Question

If \( -1 + i \) is a root of the equation \( x^4 + 4x^3 + 5x^2 + 2x - 2 = 0 \), then the real roots of this equation are

• A. \( -1 \pm \sqrt{3} \)
• B. \( -1 \pm \sqrt{2} \)
• C. \( \sqrt{2} \pm 3 \)
• D. \( \sqrt{3} \pm \sqrt{2} \)

Hint:

For real-coefficient polynomials, complex roots come in conjugate pairs. Divide by the quadratic factor formed by the complex roots to find the remaining factor.

Answer 1

The Correct Option is B

Concept: For a polynomial with real coefficients, complex roots occur in conjugate pairs.

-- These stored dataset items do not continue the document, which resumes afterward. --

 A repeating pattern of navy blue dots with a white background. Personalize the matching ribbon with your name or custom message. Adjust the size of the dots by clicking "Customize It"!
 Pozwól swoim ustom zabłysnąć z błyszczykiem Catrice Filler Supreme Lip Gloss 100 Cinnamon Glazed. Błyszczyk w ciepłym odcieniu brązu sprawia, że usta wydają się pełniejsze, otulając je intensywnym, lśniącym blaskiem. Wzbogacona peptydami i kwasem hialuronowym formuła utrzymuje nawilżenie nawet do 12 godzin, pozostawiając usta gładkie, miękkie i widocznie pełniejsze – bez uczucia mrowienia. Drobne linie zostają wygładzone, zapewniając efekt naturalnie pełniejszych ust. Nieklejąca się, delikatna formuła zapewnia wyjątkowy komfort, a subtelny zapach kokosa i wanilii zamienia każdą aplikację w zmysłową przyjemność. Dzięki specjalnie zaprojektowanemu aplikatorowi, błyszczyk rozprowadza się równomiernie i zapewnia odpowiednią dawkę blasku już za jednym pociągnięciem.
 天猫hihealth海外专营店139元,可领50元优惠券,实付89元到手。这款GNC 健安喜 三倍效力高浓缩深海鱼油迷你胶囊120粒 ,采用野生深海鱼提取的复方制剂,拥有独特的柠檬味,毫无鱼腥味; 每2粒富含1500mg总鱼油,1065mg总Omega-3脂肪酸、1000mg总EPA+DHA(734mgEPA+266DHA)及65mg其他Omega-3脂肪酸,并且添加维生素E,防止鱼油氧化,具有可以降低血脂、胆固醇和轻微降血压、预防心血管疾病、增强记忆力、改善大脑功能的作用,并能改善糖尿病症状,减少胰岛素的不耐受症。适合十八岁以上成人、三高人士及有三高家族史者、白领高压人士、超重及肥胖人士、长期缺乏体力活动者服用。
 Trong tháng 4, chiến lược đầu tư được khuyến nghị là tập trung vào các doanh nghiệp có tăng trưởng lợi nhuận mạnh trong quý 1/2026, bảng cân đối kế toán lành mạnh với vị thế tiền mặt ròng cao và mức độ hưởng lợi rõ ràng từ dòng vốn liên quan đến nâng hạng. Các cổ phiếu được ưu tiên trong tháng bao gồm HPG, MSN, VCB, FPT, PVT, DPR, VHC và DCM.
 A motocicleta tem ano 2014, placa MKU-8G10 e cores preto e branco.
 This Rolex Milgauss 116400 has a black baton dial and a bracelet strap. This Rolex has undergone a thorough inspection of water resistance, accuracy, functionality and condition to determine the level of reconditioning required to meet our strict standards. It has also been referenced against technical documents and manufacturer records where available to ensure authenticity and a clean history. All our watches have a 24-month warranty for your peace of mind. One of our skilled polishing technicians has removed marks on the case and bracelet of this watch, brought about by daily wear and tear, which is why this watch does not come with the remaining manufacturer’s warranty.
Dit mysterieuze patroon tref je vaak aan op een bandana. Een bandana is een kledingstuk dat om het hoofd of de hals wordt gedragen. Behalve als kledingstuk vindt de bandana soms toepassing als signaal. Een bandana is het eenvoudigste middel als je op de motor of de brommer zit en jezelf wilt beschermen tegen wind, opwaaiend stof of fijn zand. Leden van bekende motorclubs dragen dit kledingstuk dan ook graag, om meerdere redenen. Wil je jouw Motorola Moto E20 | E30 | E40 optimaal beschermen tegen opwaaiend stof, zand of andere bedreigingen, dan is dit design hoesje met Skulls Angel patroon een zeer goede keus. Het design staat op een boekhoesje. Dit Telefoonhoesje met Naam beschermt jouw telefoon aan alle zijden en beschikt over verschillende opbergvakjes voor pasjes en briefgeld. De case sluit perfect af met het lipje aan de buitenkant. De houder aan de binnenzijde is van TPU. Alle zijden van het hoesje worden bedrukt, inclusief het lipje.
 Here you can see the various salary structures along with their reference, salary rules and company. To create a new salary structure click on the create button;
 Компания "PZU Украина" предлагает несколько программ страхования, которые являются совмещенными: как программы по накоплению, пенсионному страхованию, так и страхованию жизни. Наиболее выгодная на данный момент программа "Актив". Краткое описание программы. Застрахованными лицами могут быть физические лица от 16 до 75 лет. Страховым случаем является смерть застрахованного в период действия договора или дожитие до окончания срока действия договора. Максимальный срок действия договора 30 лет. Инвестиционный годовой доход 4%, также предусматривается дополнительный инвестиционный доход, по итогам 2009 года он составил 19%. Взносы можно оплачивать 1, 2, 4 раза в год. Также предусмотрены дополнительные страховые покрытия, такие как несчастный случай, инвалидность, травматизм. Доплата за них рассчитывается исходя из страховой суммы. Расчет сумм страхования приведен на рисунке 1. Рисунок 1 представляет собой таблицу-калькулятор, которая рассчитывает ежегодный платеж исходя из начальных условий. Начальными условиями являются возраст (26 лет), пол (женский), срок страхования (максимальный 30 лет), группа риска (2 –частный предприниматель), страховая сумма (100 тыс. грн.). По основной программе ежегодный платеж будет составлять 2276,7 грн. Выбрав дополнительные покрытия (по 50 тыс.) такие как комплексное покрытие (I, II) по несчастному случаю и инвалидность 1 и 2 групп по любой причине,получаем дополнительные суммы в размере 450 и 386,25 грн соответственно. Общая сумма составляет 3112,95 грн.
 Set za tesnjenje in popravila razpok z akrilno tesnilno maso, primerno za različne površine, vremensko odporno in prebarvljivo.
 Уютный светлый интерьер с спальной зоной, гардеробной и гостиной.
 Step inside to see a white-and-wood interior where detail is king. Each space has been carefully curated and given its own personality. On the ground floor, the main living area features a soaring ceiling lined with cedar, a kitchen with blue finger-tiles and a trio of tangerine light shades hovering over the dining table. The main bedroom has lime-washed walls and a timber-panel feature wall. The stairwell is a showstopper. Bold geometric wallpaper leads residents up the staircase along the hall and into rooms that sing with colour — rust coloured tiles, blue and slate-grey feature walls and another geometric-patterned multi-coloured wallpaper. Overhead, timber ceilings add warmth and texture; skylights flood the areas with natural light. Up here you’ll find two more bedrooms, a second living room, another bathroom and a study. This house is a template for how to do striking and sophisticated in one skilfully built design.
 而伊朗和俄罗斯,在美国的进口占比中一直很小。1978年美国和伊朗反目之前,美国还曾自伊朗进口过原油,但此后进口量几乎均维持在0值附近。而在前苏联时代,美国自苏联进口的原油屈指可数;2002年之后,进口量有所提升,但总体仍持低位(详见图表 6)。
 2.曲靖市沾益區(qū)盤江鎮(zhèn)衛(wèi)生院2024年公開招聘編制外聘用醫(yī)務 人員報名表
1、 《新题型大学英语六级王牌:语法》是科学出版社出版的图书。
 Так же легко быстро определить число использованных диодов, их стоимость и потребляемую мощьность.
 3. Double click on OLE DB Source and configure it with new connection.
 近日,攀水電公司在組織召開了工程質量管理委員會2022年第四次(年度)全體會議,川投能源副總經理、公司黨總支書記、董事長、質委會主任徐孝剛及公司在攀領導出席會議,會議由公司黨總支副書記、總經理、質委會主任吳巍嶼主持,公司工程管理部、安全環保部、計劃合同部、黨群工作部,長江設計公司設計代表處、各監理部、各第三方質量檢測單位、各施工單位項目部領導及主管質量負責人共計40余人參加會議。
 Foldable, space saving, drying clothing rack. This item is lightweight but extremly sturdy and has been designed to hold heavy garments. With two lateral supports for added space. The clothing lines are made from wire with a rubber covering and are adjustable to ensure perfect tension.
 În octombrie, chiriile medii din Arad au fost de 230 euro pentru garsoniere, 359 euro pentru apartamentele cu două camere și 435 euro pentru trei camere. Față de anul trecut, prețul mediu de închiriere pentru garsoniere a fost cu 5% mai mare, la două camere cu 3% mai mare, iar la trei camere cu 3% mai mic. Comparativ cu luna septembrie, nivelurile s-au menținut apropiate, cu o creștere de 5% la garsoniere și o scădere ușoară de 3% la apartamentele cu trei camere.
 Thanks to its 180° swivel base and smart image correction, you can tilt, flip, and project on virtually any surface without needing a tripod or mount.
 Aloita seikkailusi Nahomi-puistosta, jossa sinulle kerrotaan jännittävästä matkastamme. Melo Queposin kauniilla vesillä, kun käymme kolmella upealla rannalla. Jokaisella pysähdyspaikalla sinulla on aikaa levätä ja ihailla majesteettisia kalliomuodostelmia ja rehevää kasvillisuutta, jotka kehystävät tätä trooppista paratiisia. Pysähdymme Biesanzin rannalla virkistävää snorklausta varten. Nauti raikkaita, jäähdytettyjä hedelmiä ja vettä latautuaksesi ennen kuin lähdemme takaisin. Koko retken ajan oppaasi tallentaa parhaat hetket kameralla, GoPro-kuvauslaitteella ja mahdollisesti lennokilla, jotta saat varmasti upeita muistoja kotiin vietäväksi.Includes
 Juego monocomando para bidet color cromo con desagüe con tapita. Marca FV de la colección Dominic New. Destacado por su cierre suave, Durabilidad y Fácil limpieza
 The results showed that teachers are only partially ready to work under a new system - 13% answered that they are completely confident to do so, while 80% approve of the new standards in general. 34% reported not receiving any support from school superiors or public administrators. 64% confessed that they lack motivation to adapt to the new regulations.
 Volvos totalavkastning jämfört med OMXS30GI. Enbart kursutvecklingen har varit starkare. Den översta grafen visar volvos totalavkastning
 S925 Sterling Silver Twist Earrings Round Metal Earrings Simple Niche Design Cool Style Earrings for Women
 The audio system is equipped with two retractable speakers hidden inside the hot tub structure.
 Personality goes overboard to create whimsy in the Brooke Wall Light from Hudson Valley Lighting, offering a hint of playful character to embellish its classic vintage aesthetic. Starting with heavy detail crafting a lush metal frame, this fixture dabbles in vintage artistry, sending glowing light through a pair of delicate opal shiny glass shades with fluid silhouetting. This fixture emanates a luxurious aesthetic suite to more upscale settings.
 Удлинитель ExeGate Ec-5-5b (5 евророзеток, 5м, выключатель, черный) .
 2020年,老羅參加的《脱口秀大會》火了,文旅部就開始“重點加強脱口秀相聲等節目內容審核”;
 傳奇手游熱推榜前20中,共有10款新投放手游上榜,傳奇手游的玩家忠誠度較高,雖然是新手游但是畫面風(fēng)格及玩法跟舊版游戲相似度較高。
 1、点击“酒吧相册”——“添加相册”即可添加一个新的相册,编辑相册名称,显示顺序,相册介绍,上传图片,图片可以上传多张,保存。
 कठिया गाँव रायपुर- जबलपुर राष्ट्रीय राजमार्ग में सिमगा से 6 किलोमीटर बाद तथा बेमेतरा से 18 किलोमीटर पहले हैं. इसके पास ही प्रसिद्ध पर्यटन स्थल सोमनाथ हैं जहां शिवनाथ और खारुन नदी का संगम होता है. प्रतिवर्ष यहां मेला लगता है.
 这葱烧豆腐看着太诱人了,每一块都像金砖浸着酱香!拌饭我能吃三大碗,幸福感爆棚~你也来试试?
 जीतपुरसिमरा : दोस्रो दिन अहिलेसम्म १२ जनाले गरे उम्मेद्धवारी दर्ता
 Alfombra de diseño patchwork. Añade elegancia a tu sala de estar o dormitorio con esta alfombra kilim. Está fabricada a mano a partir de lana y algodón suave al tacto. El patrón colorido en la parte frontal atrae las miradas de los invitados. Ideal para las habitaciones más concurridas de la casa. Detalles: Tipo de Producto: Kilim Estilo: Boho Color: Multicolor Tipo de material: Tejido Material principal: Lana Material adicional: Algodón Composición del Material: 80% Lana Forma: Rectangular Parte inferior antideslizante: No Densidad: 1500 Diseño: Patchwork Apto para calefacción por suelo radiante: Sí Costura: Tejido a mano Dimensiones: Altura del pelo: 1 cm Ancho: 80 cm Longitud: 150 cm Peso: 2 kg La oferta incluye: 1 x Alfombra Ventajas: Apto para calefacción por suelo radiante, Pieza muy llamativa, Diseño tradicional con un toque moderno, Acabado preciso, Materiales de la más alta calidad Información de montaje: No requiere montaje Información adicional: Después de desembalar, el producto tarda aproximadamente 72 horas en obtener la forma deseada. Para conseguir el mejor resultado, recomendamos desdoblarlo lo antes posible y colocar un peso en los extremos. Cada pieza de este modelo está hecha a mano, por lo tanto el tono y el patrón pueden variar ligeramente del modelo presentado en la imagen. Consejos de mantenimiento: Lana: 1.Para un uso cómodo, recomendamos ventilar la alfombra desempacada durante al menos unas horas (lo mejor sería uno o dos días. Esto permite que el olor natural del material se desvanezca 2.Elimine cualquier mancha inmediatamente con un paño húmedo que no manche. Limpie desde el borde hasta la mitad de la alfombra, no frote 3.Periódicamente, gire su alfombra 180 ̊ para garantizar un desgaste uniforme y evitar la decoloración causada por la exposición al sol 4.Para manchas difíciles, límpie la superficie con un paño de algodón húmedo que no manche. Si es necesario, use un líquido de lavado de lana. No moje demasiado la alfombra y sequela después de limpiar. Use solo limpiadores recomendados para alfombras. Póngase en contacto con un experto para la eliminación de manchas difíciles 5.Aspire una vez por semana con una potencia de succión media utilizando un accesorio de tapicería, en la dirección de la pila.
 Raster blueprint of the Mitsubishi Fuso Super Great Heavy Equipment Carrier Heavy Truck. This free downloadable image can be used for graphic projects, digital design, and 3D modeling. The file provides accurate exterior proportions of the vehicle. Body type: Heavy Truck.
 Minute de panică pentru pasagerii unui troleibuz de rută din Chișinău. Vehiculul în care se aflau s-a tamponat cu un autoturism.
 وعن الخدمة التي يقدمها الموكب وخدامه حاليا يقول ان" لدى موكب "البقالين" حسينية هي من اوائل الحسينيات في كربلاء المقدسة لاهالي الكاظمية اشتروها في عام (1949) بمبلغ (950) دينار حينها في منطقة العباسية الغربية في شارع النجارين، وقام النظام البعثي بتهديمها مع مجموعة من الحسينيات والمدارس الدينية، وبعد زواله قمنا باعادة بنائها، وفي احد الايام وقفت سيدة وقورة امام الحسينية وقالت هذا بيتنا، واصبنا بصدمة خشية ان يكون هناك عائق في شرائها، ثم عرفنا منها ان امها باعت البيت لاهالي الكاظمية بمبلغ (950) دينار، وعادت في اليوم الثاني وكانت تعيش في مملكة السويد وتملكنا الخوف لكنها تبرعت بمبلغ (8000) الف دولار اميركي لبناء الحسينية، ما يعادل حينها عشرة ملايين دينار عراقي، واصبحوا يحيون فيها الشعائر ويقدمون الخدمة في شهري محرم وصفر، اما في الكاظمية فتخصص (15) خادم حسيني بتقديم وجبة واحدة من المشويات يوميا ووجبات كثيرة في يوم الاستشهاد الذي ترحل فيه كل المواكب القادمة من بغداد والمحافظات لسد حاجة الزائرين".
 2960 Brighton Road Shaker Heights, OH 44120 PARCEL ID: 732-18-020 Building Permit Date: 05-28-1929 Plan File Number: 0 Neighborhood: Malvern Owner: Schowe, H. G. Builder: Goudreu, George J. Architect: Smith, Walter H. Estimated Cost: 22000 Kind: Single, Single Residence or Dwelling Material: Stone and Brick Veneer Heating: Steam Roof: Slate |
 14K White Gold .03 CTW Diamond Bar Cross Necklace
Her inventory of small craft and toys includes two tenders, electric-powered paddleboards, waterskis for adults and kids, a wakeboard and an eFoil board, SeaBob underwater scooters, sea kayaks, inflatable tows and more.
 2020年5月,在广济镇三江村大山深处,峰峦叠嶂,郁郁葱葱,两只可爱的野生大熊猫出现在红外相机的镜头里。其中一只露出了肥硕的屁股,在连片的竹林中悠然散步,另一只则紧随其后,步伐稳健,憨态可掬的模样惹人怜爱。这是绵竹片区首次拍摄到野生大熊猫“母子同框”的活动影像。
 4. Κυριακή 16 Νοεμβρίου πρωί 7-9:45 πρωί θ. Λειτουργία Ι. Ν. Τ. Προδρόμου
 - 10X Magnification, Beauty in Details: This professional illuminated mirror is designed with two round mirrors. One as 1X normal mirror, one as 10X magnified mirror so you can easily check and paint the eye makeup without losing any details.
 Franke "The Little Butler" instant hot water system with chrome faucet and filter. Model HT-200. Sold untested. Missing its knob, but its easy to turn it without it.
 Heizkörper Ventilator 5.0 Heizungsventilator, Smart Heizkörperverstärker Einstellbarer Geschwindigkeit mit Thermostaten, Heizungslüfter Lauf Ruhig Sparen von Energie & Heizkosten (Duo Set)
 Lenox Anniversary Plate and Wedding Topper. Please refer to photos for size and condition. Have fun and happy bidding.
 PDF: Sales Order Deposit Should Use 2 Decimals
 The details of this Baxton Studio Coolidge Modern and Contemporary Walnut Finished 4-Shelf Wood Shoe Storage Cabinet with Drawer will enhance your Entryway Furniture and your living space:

If \( -1 + i \) is a root, then \( -1 - i \) is also a root.

Step 1: Identify the quadratic factor from the complex roots. Roots: \( -1 + i \) and \( -1 - i \). Sum \( = -2 \), Product \( = (-1)^2 - (i)^2 = 1 - (-1) = 2 \). Quadratic factor: \[ x^2 - (\text{sum})x + \text{product} = x^2 - (-2)x + 2 = x^2 + 2x + 2. \]

Step 2: Divide the given polynomial by \( x^2 + 2x + 2 \). \[ x^4 + 4x^3 + 5x^2 + 2x - 2 \div (x^2 + 2x + 2) \] Performing polynomial division: \[ x^4 + 4x^3 + 5x^2 + 2x - 2 = (x^2 + 2x + 2)(x^2 + 2x - 1). \]

Step 3: Find real roots from the other quadratic. Solve \( x^2 + 2x - 1 = 0 \): \[ x = \frac{-2 \pm \sqrt{4 + 4}}{2} = \frac{-2 \pm \sqrt{8}}{2} = \frac{-2 \pm 2\sqrt{2}}{2} = -1 \pm \sqrt{2}. \] Wait — this gives \( -1 \pm \sqrt{2} \), which is Option (B), not (A). Let me double-check the division: \[ (x^2 + 2x + 2)(x^2 + 2x - 1) = x^4 + 2x^3 - x^2 + 2x^3 + 4x^2 - 2x + 2x^2 + 4x - 2 \] \[ = x^4 + 4x^3 + (-1+4+2)x^2 + (-2+4)x - 2 \] \[ = x^4 + 4x^3 + 5x^2 + 2x - 2 \quad \text{Correct.} \] Thus real roots are \( -1 \pm \sqrt{2} \).

Step 4: Conclusion. The real roots are \( -1 \pm \sqrt{2} \).